Exercise prompt:
Would you reproduce each line below exactly, leaving every picture out?

Data:
[Start of section]

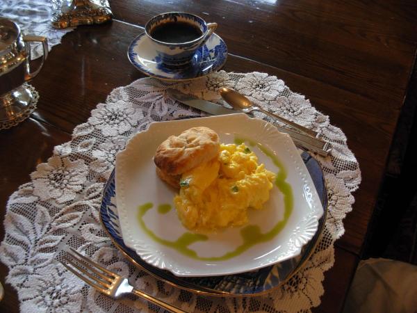 A sumptuous breakfast is served in the dining room . . . on family silver and china.
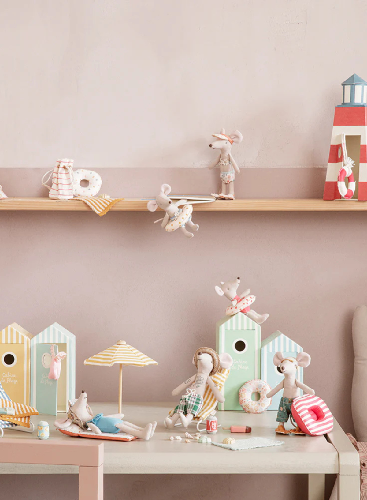 Vacation time. This small bag includes all must-haves for a day in the sun: sunscreen and 2 sodas. All comes in a miniature size that fits the smallest Maileg mouse. Please note that you can not open the sunscreen and soda cans.
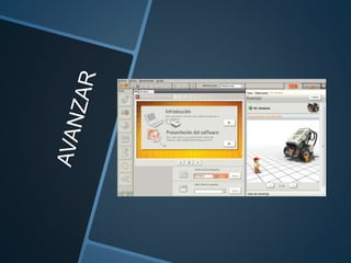 Este documento describe los pasos para programar un LEGO para que produzca un sonido y se mueva. Primero se coloca el LEGO en la pantalla y se cambia su posición. Luego se selecciona la herramienta de movimiento, se configura y se reproduce para lograr que el LEGO avance.

[End of section]

Written answer:
 A sumptuous breakfast is served in the dining room . . . on family silver and china.
 Vacation time. This small bag includes all must-haves for a day in the sun: sunscreen and 2 sodas. All comes in a miniature size that fits the smallest Maileg mouse. Please note that you can not open the sunscreen and soda cans.
 Este documento describe los pasos para programar un LEGO para que produzca un sonido y se mueva. Primero se coloca el LEGO en la pantalla y se cambia su posición. Luego se selecciona la herramienta de movimiento, se configura y se reproduce para lograr que el LEGO avance.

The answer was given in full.